Define a model, including code, data, monitoring, and post-fitting
specification. The returned mb_model is consumed by analyse() and
downstream by predict.mb_analysis() and mcmc_derive_data().
Usage
model(
x = NULL,
...,
code = NULL,
gen_inits = NULL,
random_effects = list(),
fixed = getOption("mb.fixed", "^[^e]"),
derived = character(0),
select_data = list(),
center = character(0),
scale = character(0),
modify_data = identity,
nthin = getOption("mb.nthin", 1L),
new_expr = NULL,
new_expr_vec = getOption("mb.new_expr_vec", FALSE),
modify_new_data = identity,
drops = list()
)Arguments
- x
An
mb_codeobject built withmb_code(), orNULL(the default). WhenNULL, the model code is built inline fromcode. Passing a character string or anmb_analysisis deprecated.- ...

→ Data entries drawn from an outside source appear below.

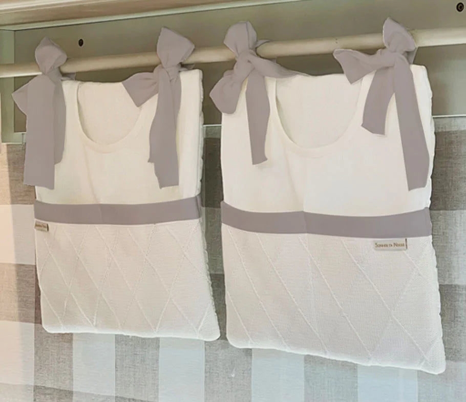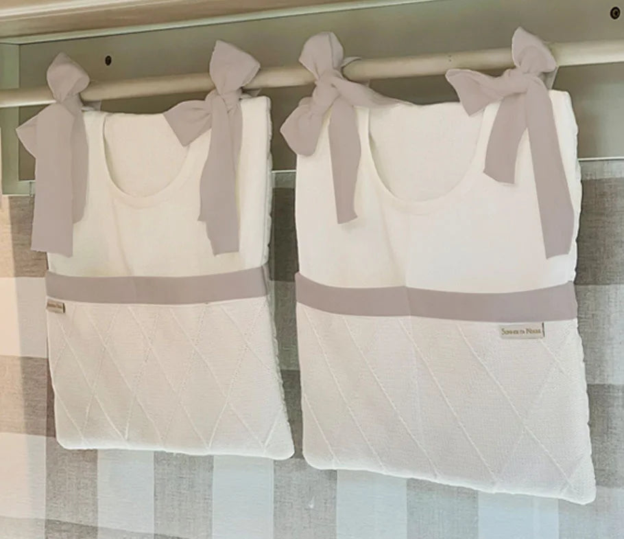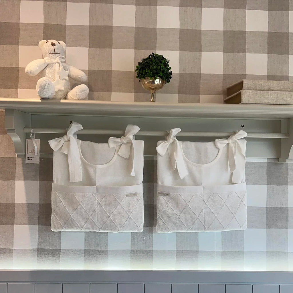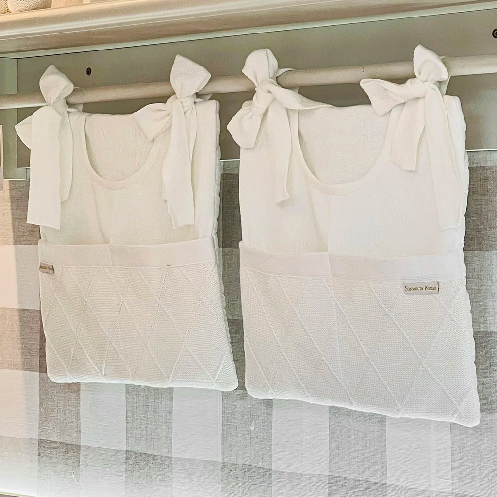 O Porta treco ou porta fralda da Sonhos de Ninar é uma solução elegante e funcional para manter a organização com um toque de encanto no universo do seu bebê. Sejam fraldas, brinquedos ou acessórios, cada item encontra seu lugar neste espaço prático e cheio de estilo. Com compartimentos inteligentes e um design elegante, ele se torna parte da decoração do quarto, adicionando sofisticação e funcionalidade. (Veja o mostruário das cores e tramas do tricô disponíveis na descrição completa do produto)
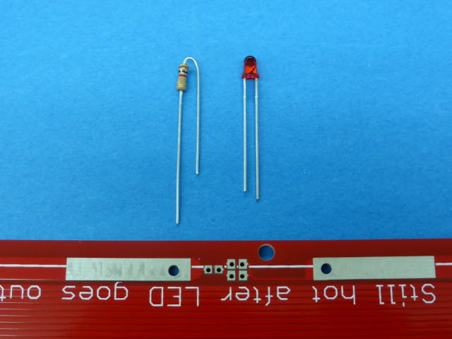 7-1 ヒートベッドの配線(発光ダイオードが丸型の場合) ヒートベッドに発光ダイオードと抵抗を取り付けます。 発光ダイオードの形状が丸型の場合と角型の場合の2種類があります。 先に丸型の場合を示します。 角型の場合は7-3へ飛んでください。 出荷時期によって発光ダイオードと抵抗(いずれも面実装型)が既に実装されている場合があります。その場合は「7-2 電線のはんだ付け」へ飛んでください。 |
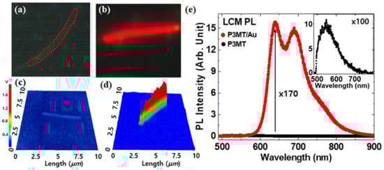 We investigated the nanoscale solid PL characteristics of the P3MT and the P3MT/Au NWs using color CCD and LCM system with an identical experimental condition. Figure 4a,b is PL color CCD images of a P3MT NW and a hybrid P3MT/Au NW, respectively. A weak emission from the isolated P3MT NW was observed, which could be explained by the doping effect (Figure 4a). It is well known that PL in highly doped conducting polymers is quenched due to the non-radiative recombination of exciton through polarons and bipolarons. After a while, after wrapping the P3MT NWs in Au, the emission of the P3MT/Au dramatically brightened, together with the red-shifted emission wavelength (Figure 4b). Figure 4c,d shows the images of three-dimensional (3-D) LCM PL intensity measured from an isolated P3MT NW and P3MT/Au NW, respectively. The Y-axis is the measured voltage of the sensor corresponding to the PL intensity. The measured voltage in the pristine P3MT NW (Figure 4c) was 7~9 mV, whereas it was 1.1~1.3 V in the P3MT/Au NW (Figure 4d). This is two orders higher than that of P3MT NW. The full spectrum of PL on P3MT/Au NW is shown Figure 4e, in which the black line is the spectrum of P3MT NW. The inset figure of Figure 4e is an enlarged PL spectrum of P3MT NW. Two emission peaks at around 640 nm and 685 nm in the P3MT/Au NW were clearly observed, which is in contrast with the single PL peak at around 544 nm in the P3MT NW. The two emission peaks of P3MT/Au NWs were at 96 nm and 141 nm—red-shifted compared to the maximum PL peak at 544 nm of P3MT NW, respectively—and the intensity showed a 170-fold enhancement compared with the maximum intensity of the P3MT. The cause of PL enhancement might be due to the Au wrapping the surface of the P3MT NWs with a thickness of 10 nm, which leads to strong enhancement of the radiative decay rate of the P3MT NWs through the resonant coupling of surface plasmons of Au with excitons in the P3MT NWs.

These dots are for future extensions and must be empty.
- code
Model code (Stan or JAGS expression or string) to pass to
mb_code(). Only used whenx = NULL.- gen_inits
A single-argument function returning a named list of initial values per chain. Receives the modified data list (i.e. after
select_data, rescaling, type coercion, factor-count andnObsinjection, andmodify_data). Returninglist()lets the backend fall back to its own defaults (JAGS samples from priors; Stan uses its random init). Non-MCMCcmdstan-*engines ignore it.- random_effects
Named list mapping parameter names in the model code to one or more grouping factor columns from
select_data. Each named factor must appear inselect_dataand must not also be inderived.- fixed
A string of a regular expression of parameter names to monitor as fixed effects.
- derived
A character vector of derived parameters to monitor.
- select_data
A named list specifying the columns to select and their expected classes and values as well as transformations and scaling options. See the select_data section of
model().- center
A character vector of the columns to center.
- scale
A character vector of the columns to scale (after centering).
- modify_data
A single argument function to modify the data (in list form) immediately prior to the analysis.
- nthin
An integer specifying the thinning interval.
- new_expr
An R expression or character string of R code defining the predictive relationships and derived quantities. See the new_expr section of
model().- new_expr_vec
Flag controlling whether to vectorise the
new_exprcode viamcmcderive::expression_vectorize(). See the new_expr section ofmodel()for safe patterns and silent fallbacks.- modify_new_data
SA single argument function to modify new data (in list form) immediately prior to calculating new_expr.
- drops
A list of character vectors naming scalar parameters to fix at 0 in the model.
Details
The data passed to analyse() is transformed through a fixed pipeline
before reaching the model code: select_data selects columns and applies
any rescaling suffixes; logical, date, and difftime columns are coerced to
numeric; one n<Factor> count is injected per factor; nObs is injected;
and finally the user's modify_data function runs against the resulting
list. gen_inits is then invoked against this same modified list, once
per chain, to seed initial values.
The monitored parameter set is the union of: names matching the fixed
regex, the names of random_effects, and derived. The default
fixed = "^[^e]" matches everything not starting with e. Names listed
in random_effects are always monitored regardless of the regex.
select_data
Named list mapping data column names to type or range specifications: 1L for integer, 1
for numeric, factor("") for factor, TRUE for logical. Where an
explicit check is wanted, use a range form such as c(0L, 100L) and
append NA to allow missing values: c(0L, 100L, NA).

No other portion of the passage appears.